Spotify has considered other alternative paths to going public. Ek and venture capitalist Chamath Palihapitiya had some very early conversations about using Social Capital Hedosophia, Palihapitiya’s planned special purpose acquisition vehicle, to acquire Spotify and “back in” to public status that way, according to multiple people with knowledge of the conversations. Social Capital declined to comment.
And even once a direct listing was chosen as the play, the company confronted hiccups.
Spotify had to spend months walking regulators at the Securities and Exchange Commission through the details of the plan. And late last year, Spotify had to hammer out a way to mollify a pair of investors who had issued debt to Spotify that would only convert to equity when the company officially IPO’d. McCarthy and Ek found a way to soothe what at one point appeared to be a sticking point in the negotiations.

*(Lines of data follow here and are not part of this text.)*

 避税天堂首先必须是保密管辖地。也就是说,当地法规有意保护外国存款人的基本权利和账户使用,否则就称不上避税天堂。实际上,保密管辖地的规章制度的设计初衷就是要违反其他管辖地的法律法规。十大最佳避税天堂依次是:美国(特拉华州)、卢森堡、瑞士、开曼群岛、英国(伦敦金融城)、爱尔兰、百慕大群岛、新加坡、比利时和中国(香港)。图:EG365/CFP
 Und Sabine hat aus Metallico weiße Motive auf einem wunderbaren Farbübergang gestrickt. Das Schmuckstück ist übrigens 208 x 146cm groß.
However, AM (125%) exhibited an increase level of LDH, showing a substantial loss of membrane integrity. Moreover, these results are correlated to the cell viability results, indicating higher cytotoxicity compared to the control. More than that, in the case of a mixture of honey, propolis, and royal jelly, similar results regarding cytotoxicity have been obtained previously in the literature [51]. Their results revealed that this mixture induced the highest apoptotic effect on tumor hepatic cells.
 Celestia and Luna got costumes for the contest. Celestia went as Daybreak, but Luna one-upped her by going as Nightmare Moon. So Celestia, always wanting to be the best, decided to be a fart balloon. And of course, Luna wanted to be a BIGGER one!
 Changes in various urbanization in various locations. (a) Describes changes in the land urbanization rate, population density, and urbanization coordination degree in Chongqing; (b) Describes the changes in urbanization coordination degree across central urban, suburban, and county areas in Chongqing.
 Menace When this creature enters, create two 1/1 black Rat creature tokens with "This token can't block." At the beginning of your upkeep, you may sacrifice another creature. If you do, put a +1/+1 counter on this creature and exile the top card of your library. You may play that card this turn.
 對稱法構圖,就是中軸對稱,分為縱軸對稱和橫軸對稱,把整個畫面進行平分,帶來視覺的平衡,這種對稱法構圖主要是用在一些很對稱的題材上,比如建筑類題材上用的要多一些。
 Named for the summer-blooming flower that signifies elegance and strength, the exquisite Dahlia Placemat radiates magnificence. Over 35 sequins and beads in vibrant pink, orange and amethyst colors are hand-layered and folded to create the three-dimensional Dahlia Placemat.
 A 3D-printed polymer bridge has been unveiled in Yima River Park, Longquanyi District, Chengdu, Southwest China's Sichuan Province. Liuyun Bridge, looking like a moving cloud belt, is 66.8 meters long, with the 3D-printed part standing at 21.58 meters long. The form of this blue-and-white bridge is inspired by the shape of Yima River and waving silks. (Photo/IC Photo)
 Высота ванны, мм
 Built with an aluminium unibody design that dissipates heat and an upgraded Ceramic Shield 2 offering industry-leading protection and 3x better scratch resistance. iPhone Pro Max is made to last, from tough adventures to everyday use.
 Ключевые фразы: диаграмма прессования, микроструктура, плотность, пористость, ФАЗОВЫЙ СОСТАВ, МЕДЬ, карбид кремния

That has all led to Tuesday, when Spotify shares will trade freely for the first time. It will be a big deal for Spotify, and it may be a big deal for future startups and the bankers who want to work with them.
Good luck getting McCarthy to say it’s a big deal to him. “I don’t think he’s trying to be the hero,” said one person close to the process. “He’s not an evangelist. He’s not really trying to change the world.”